Fa più scena, è ovvio. Sono solito, però, ripetermi un piccolo mantra interiore ogni qualvolta che lo scrittore viene tirato in ballo: non basta un tentacolo a fare Lovecraft, e Call of the Sea sembra averlo capito bene ponendosi come un prodotto completamente differente da tutto quello che ci si potrebbe immaginare da un titolo di questo tipo, provando ad esplorare un tipo di immaginario “diverso” e meno comune pur rimanendo comunque ben radicato all’interno della ben più classica mitologia “cthuliana”.
Giocare un piccolo gioiellino come questo mi ha riportato alla memoria tutto quel tempo adolescenziale speso nello studio, scolastico e non, di Lovecraft e del suo particolare mondo: ne ero affascinato dapprima per tutta quella serie di classici motivi per cui si rimane folgorati dalla sua letteratura e in un secondo momento, con il passare degli anni, da tutto ciò che ruota attorno alle sue opere e un po’ tutto quello che si può imparare “inabissandosi” fra le sue parole.
Mi sono imbattuto, non troppi anni fa, ne L’età adulta è l’inferno, una raccolta di diciannove lettere di Lovecraft curata da Marco Peano in cui viene esplorato probabilmente un Lovecraft completamente nuovo per i più, quello innamorato che vive tutti gli alti e i bassi della sua storia con Sonia H. Greene, la donna con la quale lo scrittore statunitense intraprese una relaziona conclusasi con un divorzio. Di questa storia, purtroppo, non esistono testimonianze scritte dirette poiché la diretta interessata distrusse tutte le lettere inviategli da Lovecraft stesso, ma ne abbiamo testimonianze in lettere terzi.

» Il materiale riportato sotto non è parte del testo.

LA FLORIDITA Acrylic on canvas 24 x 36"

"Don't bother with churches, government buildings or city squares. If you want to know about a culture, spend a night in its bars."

Proprio queste sono state incluse in questa peculiare raccolta che ci racconta l’amore dal punto di vista di uno degli scrittori più controversi ed interessanti del ‘900. “L’amore reciproco tra uomo e donna è un’esperienza dell’immaginazione che consiste nel sostenere, da parte dell’oggetto, una speciale relazione con la vita estetico-emozionale del soggetto, e che dipende dall’esaudire, da parte dell’oggetto, certe condizioni estetiche” recita in una di queste lettere con una frase che difficilmente riusciremo ad attribuire ad occhi chiusi proprio a Lovecraft, non è vero?
Interessante il suo approccio quasi freddo e razionale all’amore, lo stesso che possiamo trovare in alcuni personaggi di contorno di Call of the Sea, contrapposto a quell’amore più puro e sofferto che muove Norah Everhart, la protagonista di questa singolare avventura, che si contrappone, a sua volta, ad una delle possibili scelte sul finale che torna a scaraventare il giocatore verso l’aspetto più scientifico e, possiamo dirlo, lovecraftiano del sentimento.

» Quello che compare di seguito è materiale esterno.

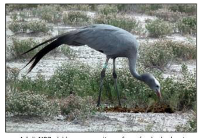
Adult NBZ picking up prey items from fresh elephant dung in the Chudop area on 8 April 2016: is this an adaptation for successful feeding during dry times? (see newsletter No. 55)

This is in a wet meadow system, so I imagine in an arid system like Etosha, it might be even more attractive for some invertebrates. Indeed, under some conditions these "hotspots" (if such they be) might be critically important in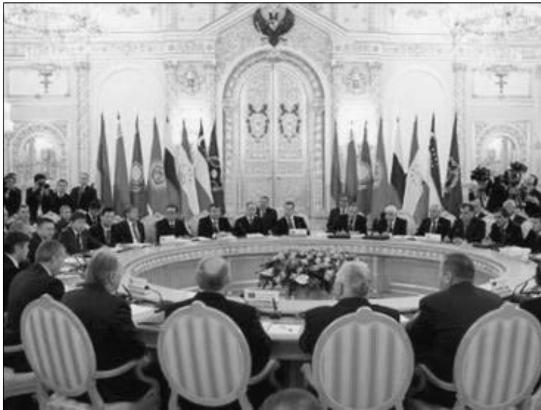
Roundtable meeting of EU.

In the service of their economic interest, they should opt for flexible visa regimes, which will nonetheless allow them to keep control of crime and immigration. We will also have to dissolve the euro to give nation states some monetary breathing space so that they can once again set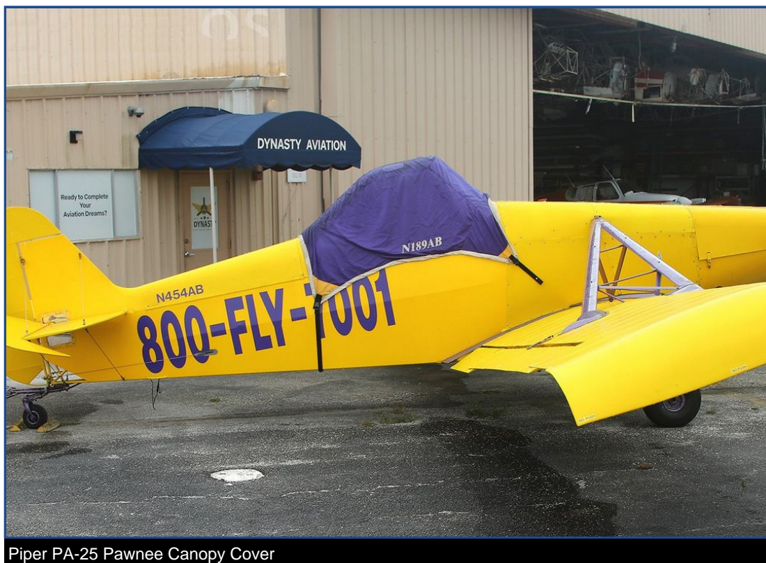
Piper PA-25 Pawnee Canopy Cover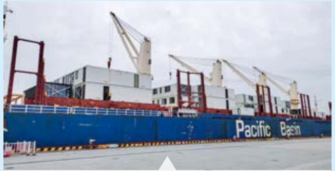
Modules ready to set sail from China

This was a great challenge; everyone stepped up and made it a success. Everyone involved should be very proud of themselves.

Ma interessantissima non è semplicemente la visione dell’amore che gli sviluppatori mettono in scena nella loro personalissima “Chiamata di Cthulu” quanto anche la visione di quella follia lovecratiana tanto cara al mondo pop generale che tende a mettere in primo piano all’interno di qualsivoglia opera liberamente ispirata dalla letteratura di H. P. Lovecraft.
Così come gli sviluppatori ci dicono all’interno di uno dei tanti aggiornamenti pre-lancio del titolo pubblicati su Steam, la loro idea non era tanto quella di raccontare la classica discesa nella follia a cui siamo abituati quanto quella dell’ascesa da questo abisso per raggiungere, in un certo senso, la razionalità e la pace interiore: una sorta di Lovecraft “al contrario” quindi che non vede solamente un ribaltamento del tema centrale della narrazione ma anche del flusso canonico che permea qualsiasi altra opera similare.
Difficile trovare altri esempi simili che siano riusciti con la stessa potenza a raccontare i mondi, i miti e le leggende lovracrftiane senza scadere in quel canone scontato messo in piedi da anni e anni di “fiction lovecraftiana”. Difficile perché per chiunque è molto più semplice mettere in scena gli aspetti più grotteschi ed efferati della sua letteratura rispetto alla profondità e alla potenza di cui è capace. Difficile, sì, ma non impossibile, è chiaro.
Poco prima, giusto qualche mese, della pubblicazione del videogioco a prendersi la briga di provare a fare qualcosa di simile è stata la serie tv “Lovecraft Country” a sua volta adattamento dell’omonimo romanzo di Matt Ruff che riesce nella difficilissima impresa di portare su schermo qualcosa di leggermente differente dal solito ma ugualmente potente ed interessante. E sì, chi l’ha vista sa benissimo che è piena di mostroni, sparatorie e “cose schifose” ma non è quello il punto della serie, no?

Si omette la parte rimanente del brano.